**Your task**
Starting at the line that has "Les participants à l'assemblée générale" and stopping after the line that has "Lors de cette", reproduce the listing below exactly; omit everything else.

**Source records**
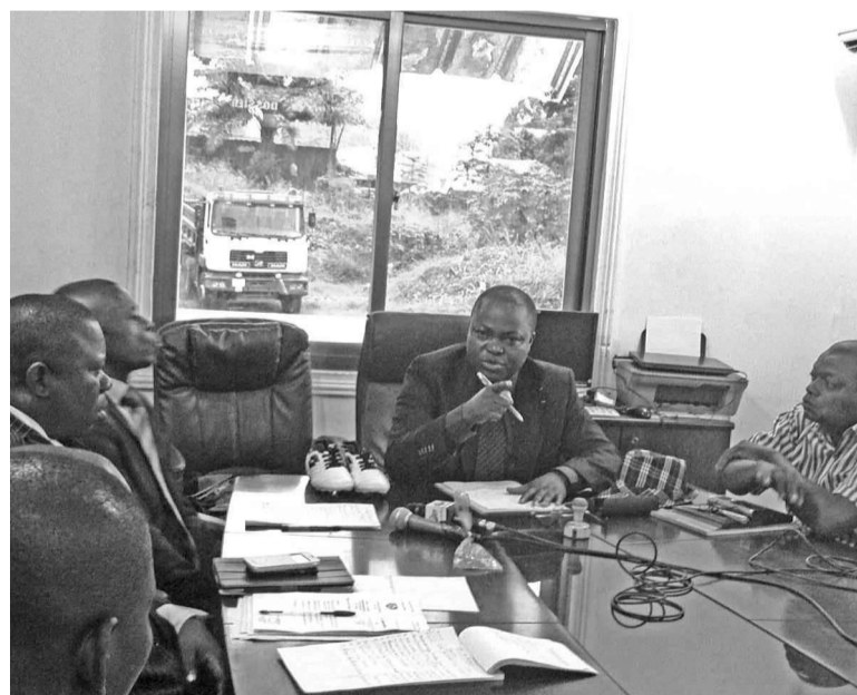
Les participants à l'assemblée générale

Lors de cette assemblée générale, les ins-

==

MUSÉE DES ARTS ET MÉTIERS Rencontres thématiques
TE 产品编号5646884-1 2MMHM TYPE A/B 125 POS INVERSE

...

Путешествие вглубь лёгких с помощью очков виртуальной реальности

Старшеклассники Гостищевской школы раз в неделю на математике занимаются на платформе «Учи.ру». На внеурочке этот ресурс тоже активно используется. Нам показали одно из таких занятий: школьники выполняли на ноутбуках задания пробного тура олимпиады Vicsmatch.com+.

**Result of this exercise**
Les participants à l'assemblée générale

Lors de cette assemblée générale, les ins-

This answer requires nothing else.